First footage of Game of Thrones veteran Ciarán Hinds in The Rings of Power
By Dan Selcke
The second season of The Lord of the Rings: The Rings of Power comes out next week, and Prime Video is sharing lots of footage to whet our appetites. For instance, here's Isildur (Maxim Baldry) and a new character named Estrid (Nia Towle) struggling to fight off a band of wild men, only to be rescued by the elf Arondir (Ismael Cruz Córdova):
Another clip is more of a mini-trailer, where we see the mysterious Stranger (Daniel Weyman) talk with Tom Bombadil (Rory Kinnear), a character from J.R.R. Tolkien's original Lord of the Rings books who is often left out of adaptations, but who shows up in this prequel series set thousands of years before the original story:
This clip also contains a snippet of footage of actor Ciarán Hinds, whom Game of Thrones fans may remember as wildling leader Mance Rayder, as a new character; we see him rising from a chair holding an elaborate staff. Multiple publications refer to him as a "dark wizard."
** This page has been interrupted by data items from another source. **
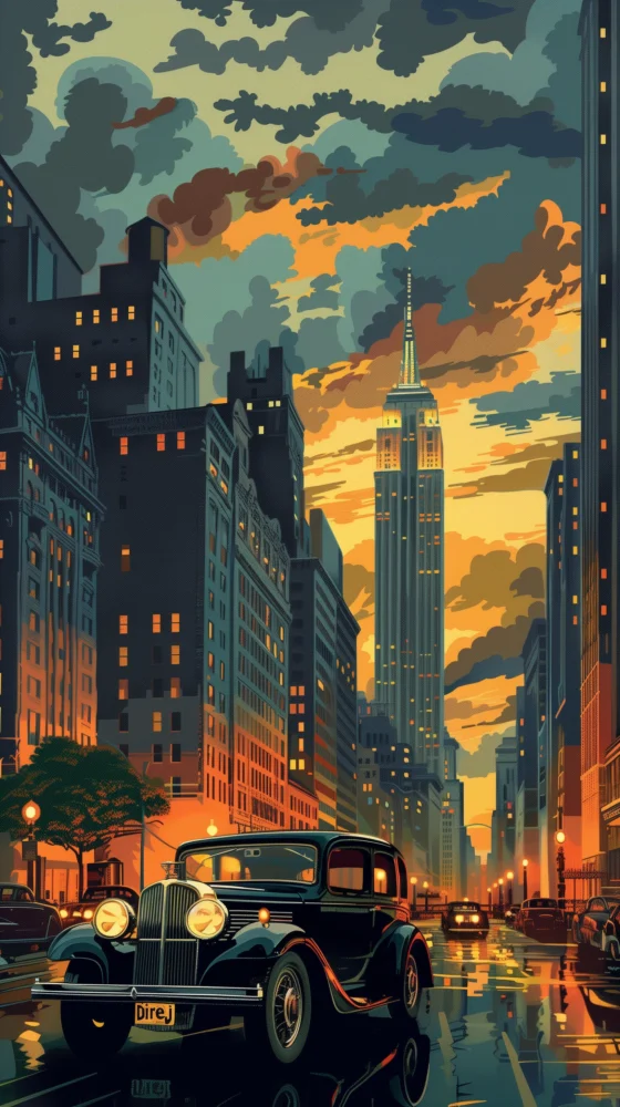 Cette image est une vision romantique et idéalisée d’une rue de New York dans le style vintage, possiblement inspirée par les années 1930 ou 1940, où le charme nostalgique se mêle à la grandeur urbaine. La palette de couleurs est saturée, offrant des teintes chaudes de jaune et d’orange qui se fondent avec les bleus profonds et les verts, capturant l’essence d’un coucher de soleil urbain qui baigne les gratte-ciels et les avenues dans une lumière dorée.
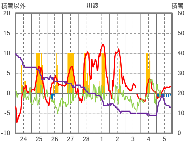 | 日 | 時 | 気温 | 降水 | 風向/風速 | 日照 | 積雪 | 降雪 |
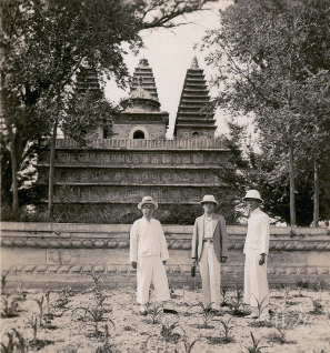 杨廷宝(中)与林是镇(左)、刘敦桢(右)在北平真觉寺金刚宝座塔勘察
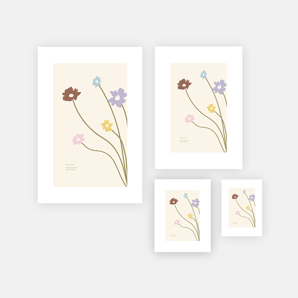 Inspired by Matthew 6:28 β See how the flowers of the field grow. Combining muted pastel colours, abstract minimalism and scripture - this print was created to remind us of the real peace of God that crushes anxiety in Jesus name.
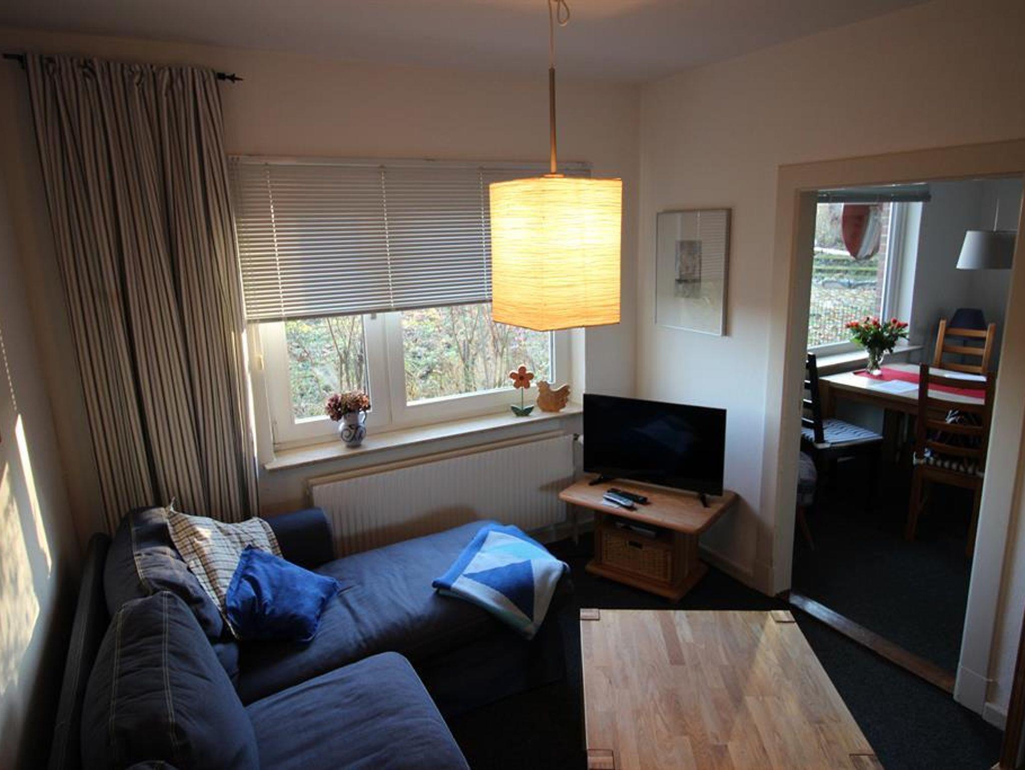 Wohnzimmer: Sitzecke, Sat-TV, Regal mit Büchern und Spielen, Fußboden: Teppichboden

If that's the case, it will bring the number of unidentified wizards on the show to two. The Stranger is clearly a wizard, but the show has remained mum on which one. In Tolkienen lore, five wizards eventually make their way to Middle-earth: Gandalf and Saurman most people know. Then there's Radagast, the nature-loving wizard featured in Peter Jackson's The Hobbit movies. Then there's Alatar or Pallando, the "blue wizards" who go into the east. Almost nothing is known of their adventures.
Given that the Stranger is heading to the eastern land of Rhûn in The Rings of Power season 2, maybe he is one of these two lost blue wizards, and perhaps Hinds is playing the other. The details are being kept under wraps for now.
Morfydd Clark (Galadriel) talks defending Rings of Power cast members against racist attacks
In the meantime, teases continue apace. Above, actor Charlie Vickers contemplates the changing face of Sauron, whom we'll see in a flashback played by a different actor; apparently the flashback is set around 1,000 years before the main events of the story.
During its first season, while The Rings of Power found an audience, it also got a fair amount of criticism. Some of it was valid — you're free to think the show is bad if you didn't like it — but there were also a fair number of fans who were simply displeased that the show featured people of color. The cast responded with a joint statement condemning racism directed against the show, the people who work on it, and other fans:
“I’m really glad that we did that," star Morfydd Clark (Galadriel) told NME. I think it was really important for our castmates, but also I couldn’t really appreciate how much it would mean to so many people. “We all wrote the message together in different countries – being like, ‘I don’t think the comma’s in the right place.’ It was like, ‘Oh my god we’re never going to post this thing!’ And then eventually Ben Walker [who plays High King Gil-Galad] was just like, ‘I’ve posted it, go!’ And so we all went live… It was showing the best parts of the community.”
At the same time, Clark does find it difficult to "tune out" the attacks, but the cast is close enough that they can soldier through it. “Our cast’s really close and we’re as happy as our least happy castmate… some people need to be protected and picked up and that’s something that is just going to be ongoing.”
The second season of The Lord of the Rings: The Rings of Power premieres on Prime Video on Thursday, August 29. The first three episodes will drop at once.